Título: Stédile reacende debate sobre reforma agrária
Autor: Franco, Bernardo Mello
Fonte: O Globo, 17/06/2007, O País, p. 18

Crítico do MST diz que causa foi superada pela modernização do campo; professor da UFRRJ pede mais investimento.

BRASÍLIA.Ao admitir na última semana que o modelo de assentamento defendido pelo MST há duas décadas está esgotado, o principal ideólogo do movimento, João Pedro Stédile, jogou lenha na fogueira do debate sobre a viabilidade da reforma agrária no país. O desabafo marca uma mudança no discurso dos sem-terra, que conquistaram espaço à frente de grandes ocupações e protestos pela distribuição de terras improdutivas. Stédile conseguiu surpreender, ao mesmo tempo, dois grupos antagônicos: os antigos desafetos do MST, que julgam suas bandeiras sepultadas pela História; e os responsáveis pela política fundiária do governo, que celebram o recorde de assentamentos no primeiro mandato do presidente Luiz Inácio Lula da Silva.

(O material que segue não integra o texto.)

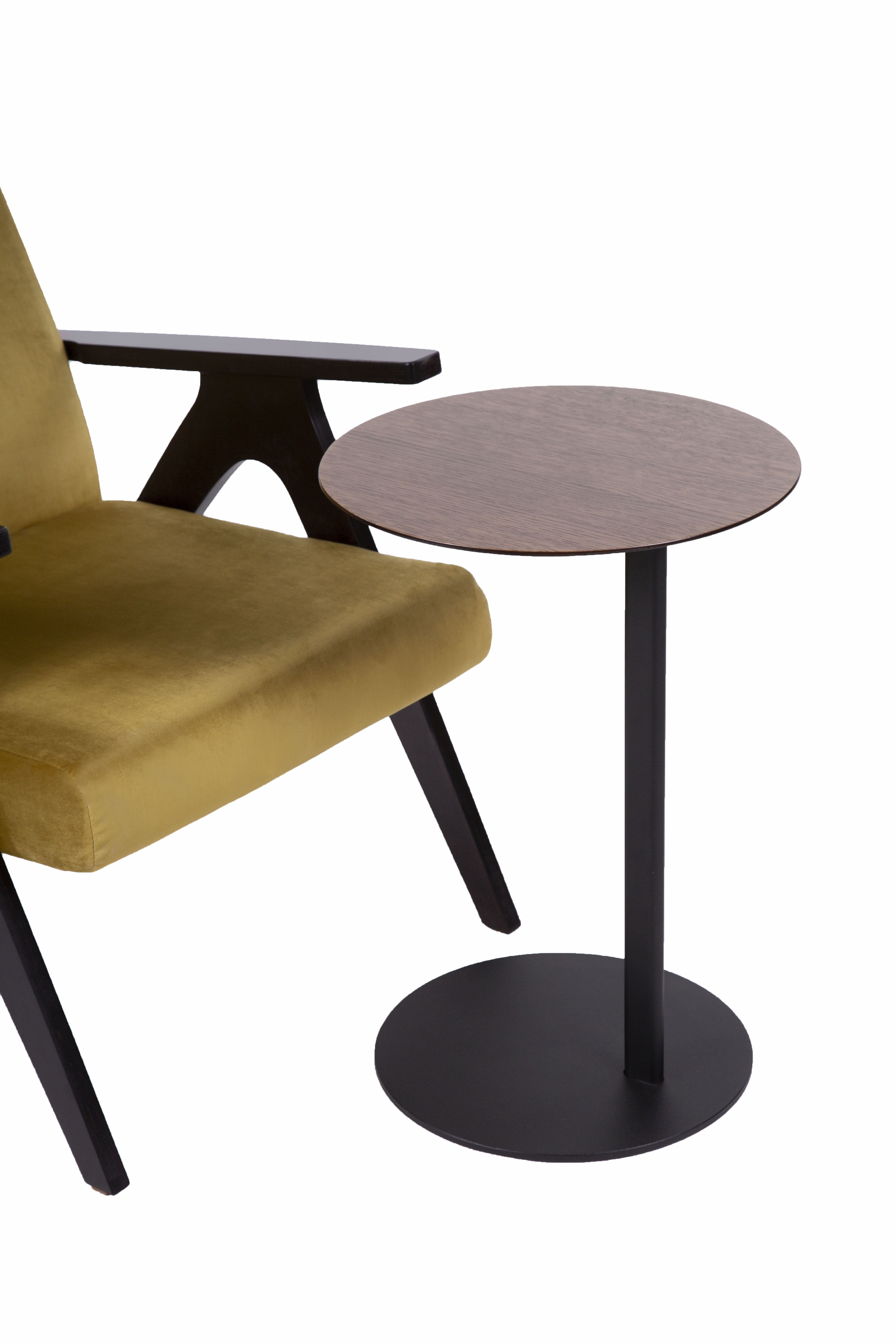 Круглая столешница на устойчивой основе идеально подходит для сервировки кофе, работы с ноутбуком или размещения личных вещей. Компактный размер и мобильность позволяют легко интегрировать его в любое пространство — от номера до лаунж-зоны.

- A reforma agrária era uma causa justa nos anos 60, quando se plantava com enxada, mas foi superada pela modernização do campo. Fui chamado de herege quando afirmei isso pela primeira vez, há mais de 15 anos - diz o engenheiro agrônomo Xico Graziano, um dos mais célebres críticos do MST.

Graziano: MST usou sem-terra como massa de manobra

O desenvolvimento tecnológico que impulsionou o crescimento do agronegócio exportador teria inviabilizado a produção baseada na distribuição de terra a lavradores sem preparo e capacidade de investimento, diz o tucano, ex-deputado e atual secretário de Agricultura de São Paulo. Para competir com as grandes empresas, argumenta, a agricultura familiar precisa se organizar em cooperativas sólidas, como as de pequenos produtores de soja no Paraná:

- O MST sabia que os assentamentos não funcionavam, mas insistiu no discurso para usar os sem-terra como massa de manobra para suas atividades políticas - acusa Graziano, que atribui o recuo de Stédile à constatação de que a sobrevivência do movimento corre perigo.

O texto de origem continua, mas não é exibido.